TUM: Could you share any details about Nothing's goings-on around these times? You said there were other bands signed that didn't get anything released. Any of those bands that you can remember? Any stories about John Malm, Interscope, Atlantic or other record people?
R.U.: Well, the first thing that hit us in dealing with Nothing was the recording contract. By a coincidence, we had a contact named Cara Burns at a very high-powered entertainment law firm, Manatt, Phelps and Phillips. I don’t remember who exactly they represented, but it was people at the level of Barbara Streisand or George Lucas, and only the most major rock stars. And Cara basically agreed to rep us legally. If I remember correctly, she did it for free or on spec because, based on what Trent had told us, she assumed we would get a nice, friendly, uncomplicated contract to record a single album or maybe two, and it would be this easy thing that she could do in her sleep. And then we received this contract to record six albums for Nothing. I think it came on an Interscope Records letterhead. And we send it to Cara and she freaked. She said it was a typically terrible record industry contract of the sort the big record companies usually gave to new artists, maybe it was even a little worse than average. And you can imagine Malm and all those people getting a response from Mondo Vanilli’s representation: Manatt, Phelps and Phillips.

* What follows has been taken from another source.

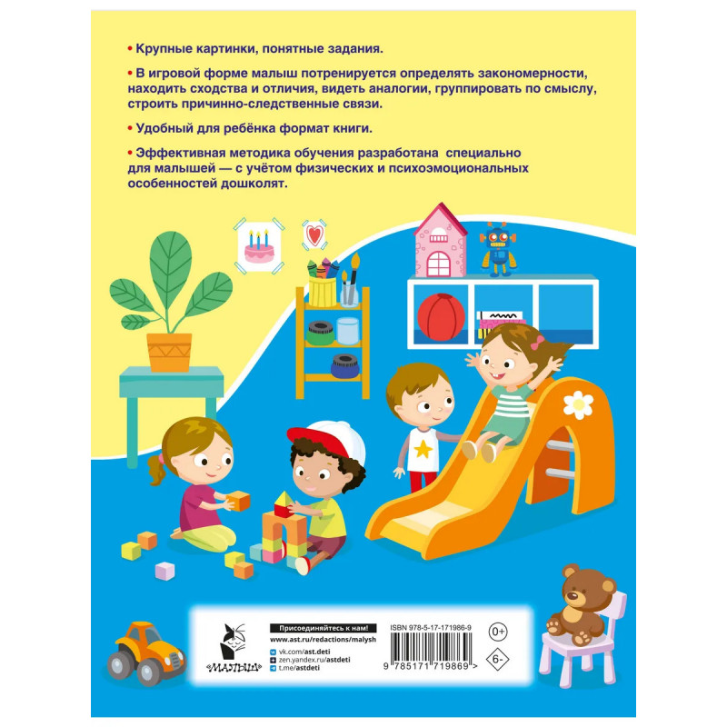 «Зачем моему ребёнку логика? — думают некоторые родители. — В первую очередь ему надо учиться читать и писать». И зря! Ведь логика — это умение быстро анализировать входящую информацию и делать верные выводы. Именно эта способность поможет вашему ребёнку быстрее запомнить буквы и цифры, усвоить любые другие новые знания. Человек с развитым логическим мышлением умеет критически мыслить: он всегда найдёт выход из любой нестандартной ситуации и сможет аргументированно отстоять свою точку зрения. Книга «Логические задачки для малышей» — отличный выбор родителей, заинтересованных в будущих успехах своего ребёнка. В игровой форме малыш потренируется определять закономерности, находить сходства и отличия, видеть аналогии, группировать по смыслу, строить причинно-следственные связи. Все задания основаны на эффективной методике обучения, разработанной специально для малышей — с учётом физических и психоэмоциональных особенностей дошколят.
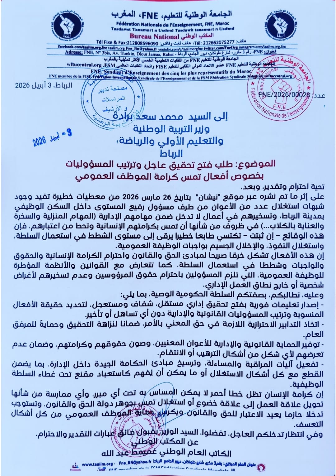 إصدار تعليمات فورية بفتح تحقيق إداري مستقل، شفاف ومستعجل، لتحديد حقيقة الأفعال المنسوبة وترتيب المسؤوليات القانونية والإدارية دون أي تساهل أو تأخير.

Anyway, somehow we got word that Trent wanted us to find a producer and a studio and get ready to start recording and we’d all deal with the contract later. We would have 90k to record it. So we scheduled recording time with Jonathan Burnside at Razor’s Edge studio. And then Malm got in touch and he didn’t want to commit to the full album. He wanted us to go into the studio with 10k instead and record two songs and “see how it goes”. So there was clearly this attitude with Reznor’s management that we were sort of “Trent’s folly” or maybe all of the Nothing artists were viewed that way, except probably Marilyn Manson, since he already had a pretty big following in Florida. So we recorded Gimme Helter and Thanx!, not the same version of Thanx! that’s on the final album, which is a whole other story I won’t go into right now. This was a very fast and hard-edged version. Anyway, the two songs knocked everybody’s socks off. So we were given the go ahead to record the whole album.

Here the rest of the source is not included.